Bad Breaker vs. Bad Wiring
A breaker that trips immediately every time you reset it isn’t necessarily defective. In many cases, the breaker is doing exactly what it’s supposed to do: protecting you from a dangerous condition on the circuit. A short circuit (where a hot wire contacts a neutral wire or a grounded surface) will cause instant tripping every time. So will a ground fault in a wet location.
The voltage test helps you distinguish between these scenarios. If the breaker reads the correct voltage at its terminal with nothing plugged into the circuit, the breaker itself is fine and the problem is something connected to that circuit.

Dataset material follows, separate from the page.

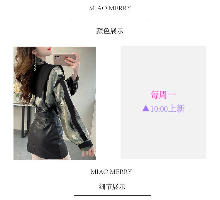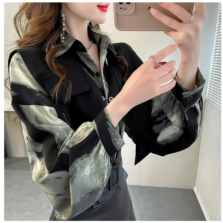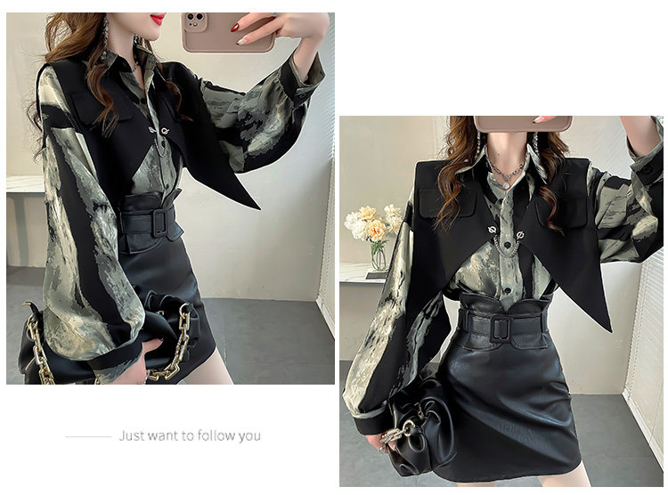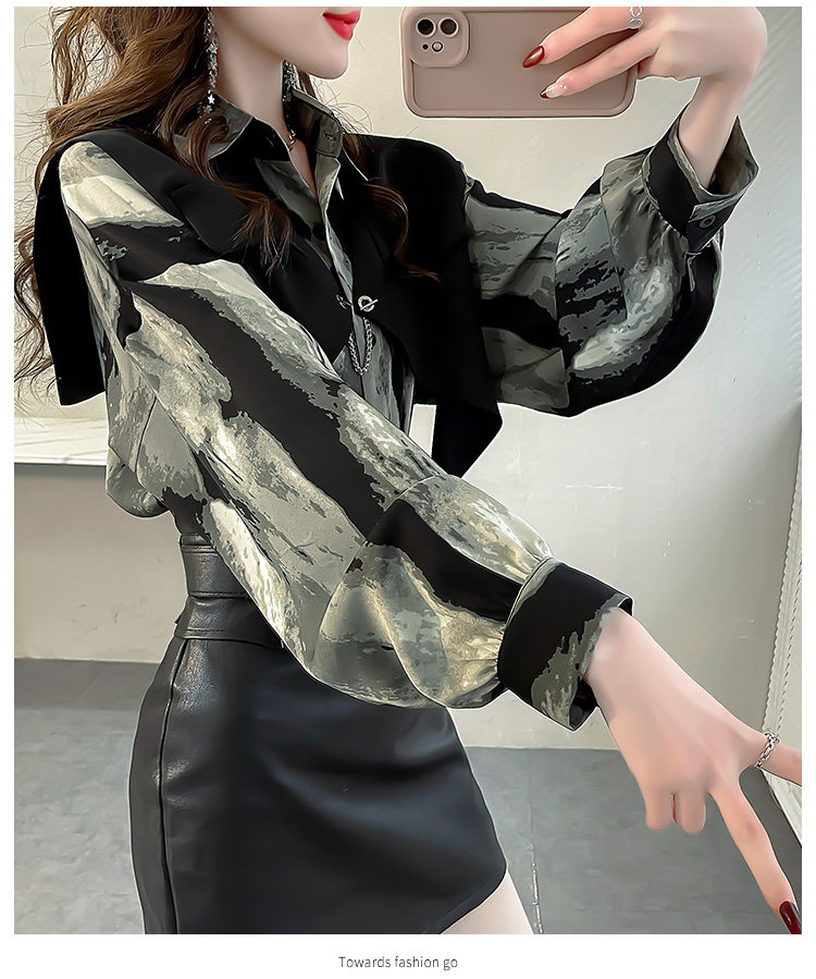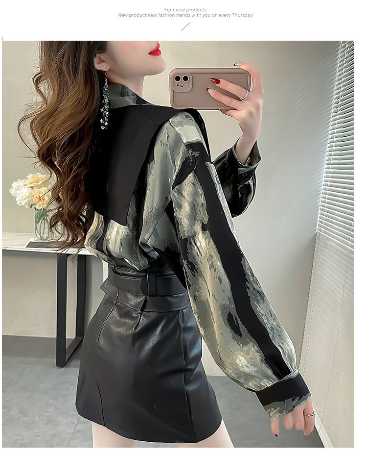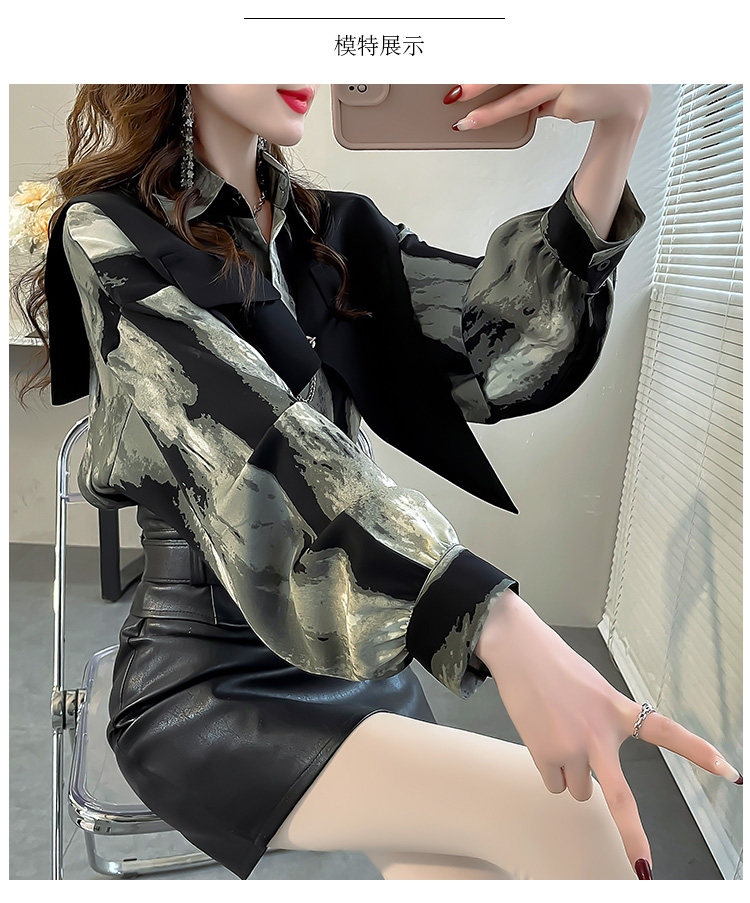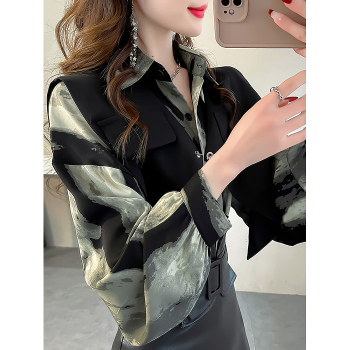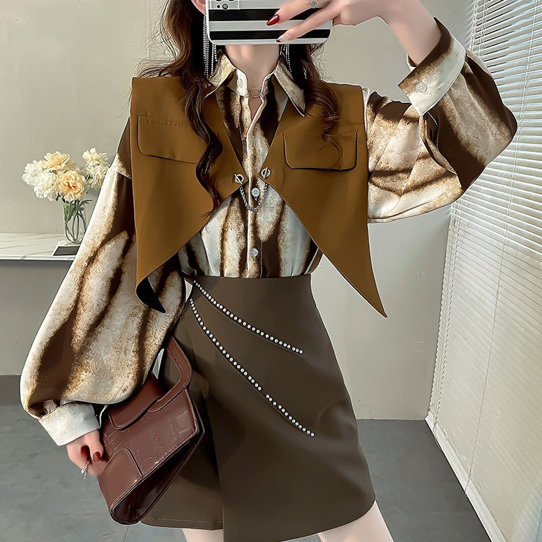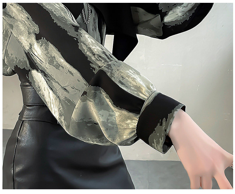 黑色馬甲配墨染條紋襯衣套裝2024春款女裝燈籠袖襯衫氣質雪紡上衣

If the breaker shows 0V while switched on, or if it passes the voltage test but physically won’t stay in the ON position even with all devices unplugged, the breaker is the problem.
Other signs that point to the breaker itself rather than the wiring: visible damage or discoloration on the breaker body, a toggle that feels loose or won’t click firmly into position, and heat concentrated on the breaker rather than on the wires connected to it.
How Long Breakers Last
Circuit breakers are generally expected to last about 30 years under normal conditions with regular maintenance, according to Schneider Electric. In practice, breakers in panels that experience frequent tripping, moisture exposure, or heavy electrical loads may wear out sooner. If your home’s electrical panel is more than 25 years old and you’re experiencing tripping issues on multiple circuits, the breakers may simply be aging out. Replacing individual breakers is straightforward, but widespread failures across a panel often mean the entire panel is due for an upgrade.